Ainsi ces mots de l’écrivain Haruki Murakami : 
« Mais alors, qu’est-ce que je dois faire? 
Danser, répondit l’homme mouton. Continuer à danser tant que tu entendras la musique. Tu comprends ce que je te dis? Danse! Continue à danser.
Ne te demande pas pourquoi. Il ne faut pas penser à la signification des choses. Il n’y en a aucune au départ. 

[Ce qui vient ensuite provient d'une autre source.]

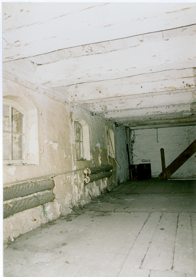
20. Belki stropowe na trzecim piętrze spichrza. Widok narożnika pd. –wsch.
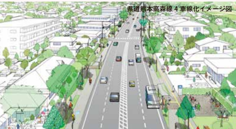
県道熊本高森線 4 車線化イメージ図
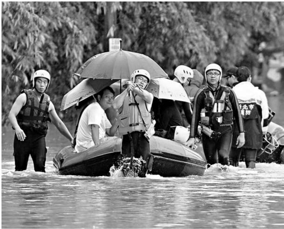
▲新北市12日受豪雨影響，嚴重淹水。消防隊員以橡皮艇救援受困民眾

豪雨對交通造成很大影響。當局農業主管部門12日傍晚更新土石流信息顯示，土石流紅色警戒共411條，分布在9縣36鄉150村，黃色警戒416條，
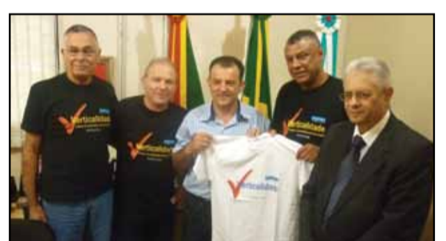
União dos Vereadores do RS (Univergs)
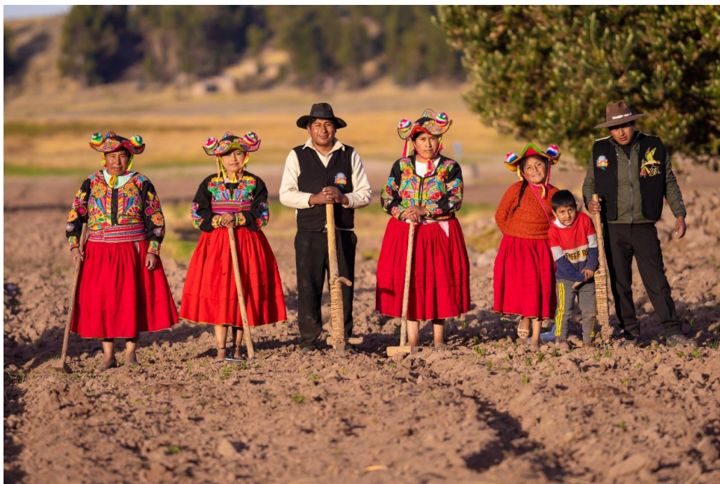
Figura 12 Traje típico del poblador de Ccotos

Nota. Esta figura muestra el traje típico del centro poblado de Ccotos, fue extraída del Facebook oficial de Qoñi Wasi Ccotos Capachica. https://www.facebook.com/photo.php?fbid=3819002534987236&set=pb.100006325815410.-2207520000&type=3
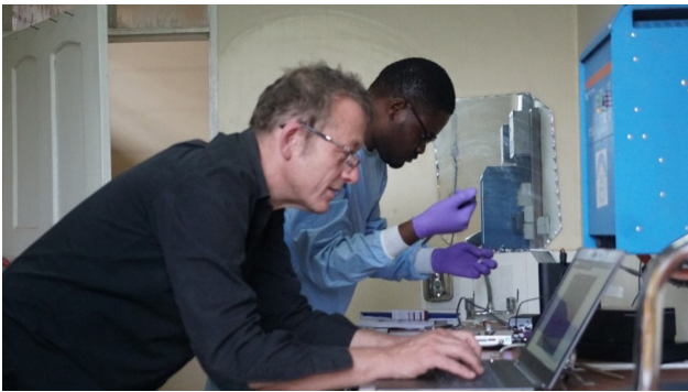
Aan het werk in een geïmproveerd lab: de eersten om in Tanzania SARS-CoV-2 te sequencen

die een ommekeer betekenen: betere relaties met buurlanden, samenwerking met internationale instanties, economische stimulering inclusief het aantrekken van buitenlandse investeerders (en een verbod voor de belastingdienst om nog langer militaire invallen te doen bij – vooral buitenlandse – bedrijven, en de exorbitante boetes te heffen die menig bedrijf de das om deden of het land lieten verlaten). Niet te vergeten: erkenning van de Covid-pandemie, zodat mensen kunnen rouwen om degenen die ze verloren hebben. Mama Samia kondigde zelfs de terugkeer van persvrijheid aan, al werd dit daags erna “rechtgezet” (de veiligheidsdiensten hebben nog altijd een grote vinger in de pap): ze had alleen gedoeld op online televisie. Hoeveel mensen zouden online tv kijken in Tanzania?
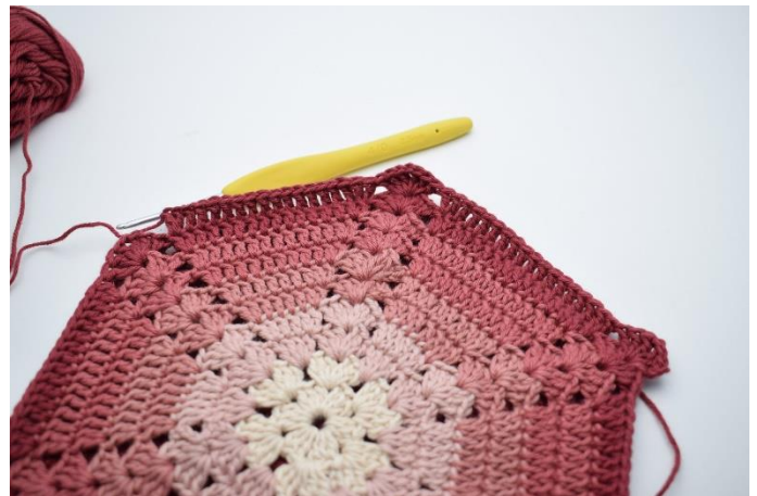
10. überspringe 3 M, häkle 2 St in die nächste M, 1 St in die nächsten 14 M, 2 St in die nächste M".
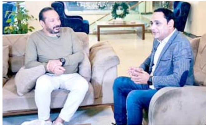
علي الحجار في حلقة من البرنامج صورت في بغداد
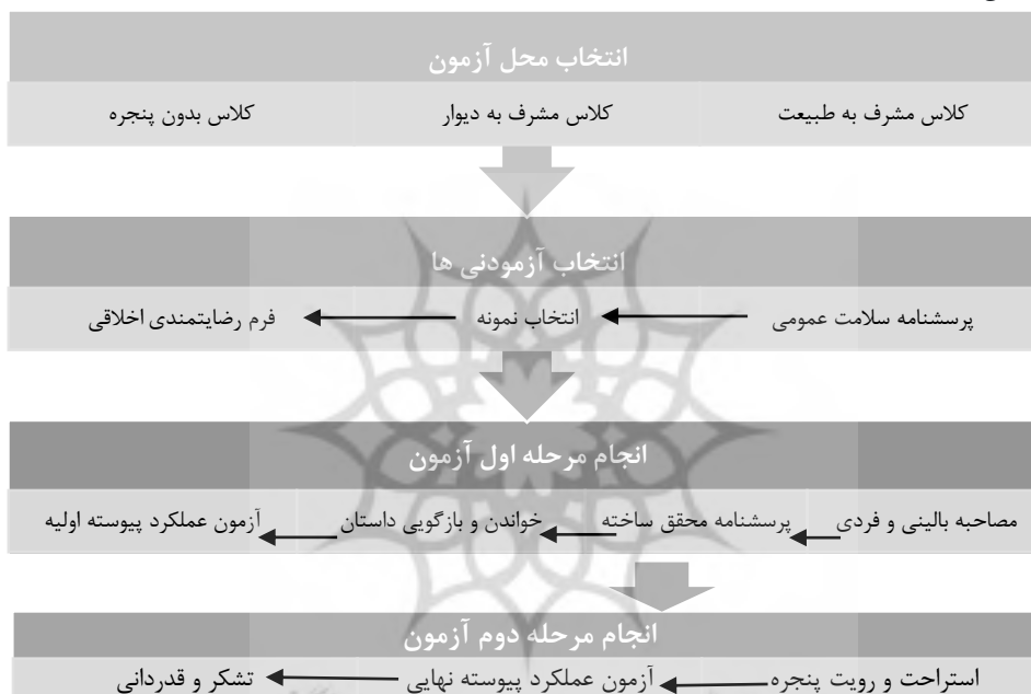
تصویر ۳- مراحل انجام آزمون

پس از انجام آزمون دوم از آزمودنی تشکر و به پاس سپاسگزاری از شرکت وی در آزمون هدیه ای به وی تقدیم شد. در تصویر شماره ۳ مراحل انجام آزمون از زمان انتخاب مکان تا پایان آزمون نمایش داده شده است.
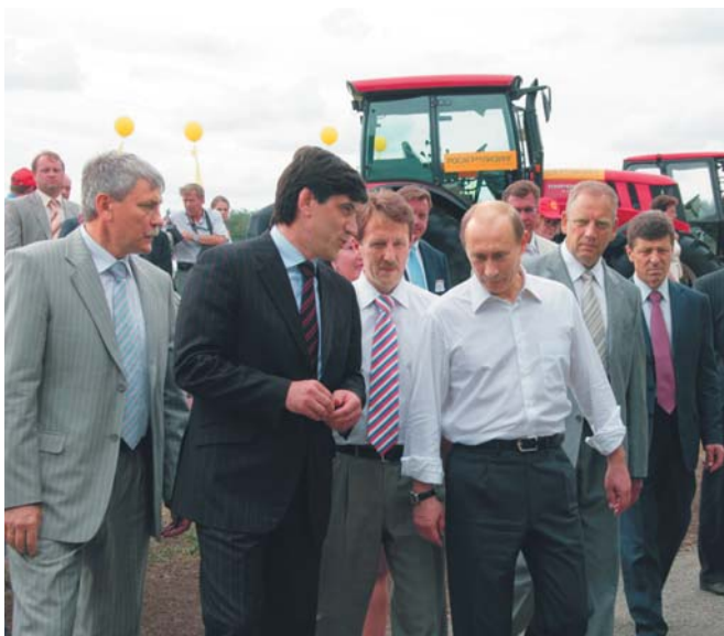
Выставка-демонстрация «День российского поля-2007». Справа-налево: Владимир ПУТИН, Алексей ГОРДЕЕВ и Магомед МУСАЕВ осматривают экспозицию выставки
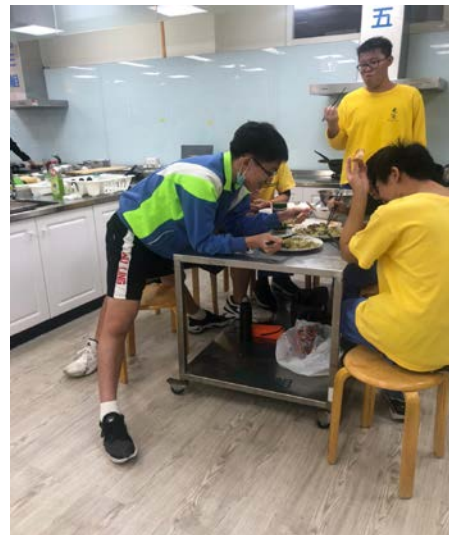
認真地品嚐感受中
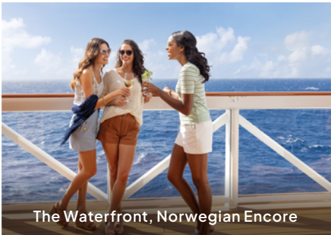
The Waterfront, Norwegian Encore
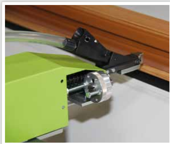
Revolververstellung für Tiefenabschaltung revolver adjustment for depth stop
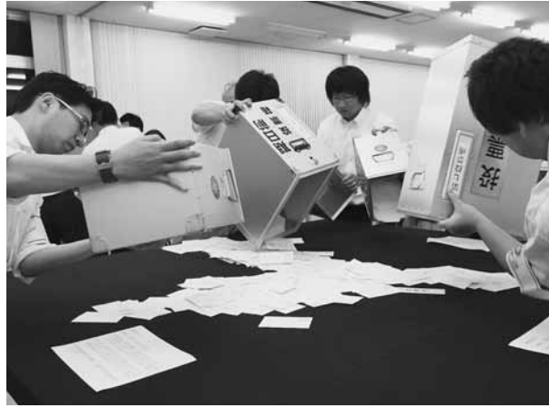
役場での開票の様子
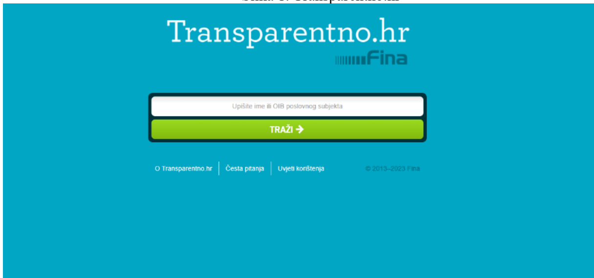
Slika 1. Transparentno.hr

Transparentno.hr je jedna vrsta servisa koji omogućuje i daje na uvid svakoj fizičkoj osobi u podatke o poslovanju obveznika poreza i slično. Građani na taj način mogu vidjeti na koji način i za koje potrebe općine/grada se troše javna sredstva. Upisujući nazive Općine ili Grada koji nas zanima, lako je doći do podataka koji smiju biti javno dostupni. Na taj način vladajući pokušavaju opravdati rad uprave te ujedno zadobiti povjerenje građana.

Si on commence à y réfléchir, les jambes s’arrêtent. Et si tes jambes s’arrêtent de danser, moi je ne pourrai plus rien faire pour toi. Tous tes liens disparaîtront. (...)
Même si tout te paraît stupide, insensé, ne t’en soucie pas. Tu dois continuer à danser en marquant les pas. Et dénouer peu à peu toutes ces choses durcies en toi, un tout petit peu au début. 
Utilise tout ce que tu peux. Fais de ton mieux. Il n’y a rien dont tu doives avoir peur. Tu es fatigué, c’est sûr. Tu es fatigué et tu as peur. Ça arrive à tout le monde. Tu as l’impression que tout va de travers, que le monde entier se trompe. Et tu t’arrêtes de danser... 
Mais il n’y a rien d’autre à faire que danser, poursuivit l’homme mouton. Et danser du mieux qu’on peut. Si tu fais ça, alors peut-être pourrai-je t’aider moi aussi. Voilà pourquoi il te faut danser.
DANSE. DANSE TANT QUE LA MUSIQUE DURERA ». 


Nous vous donnons rendez-vous en 2021 au bord des plateaux.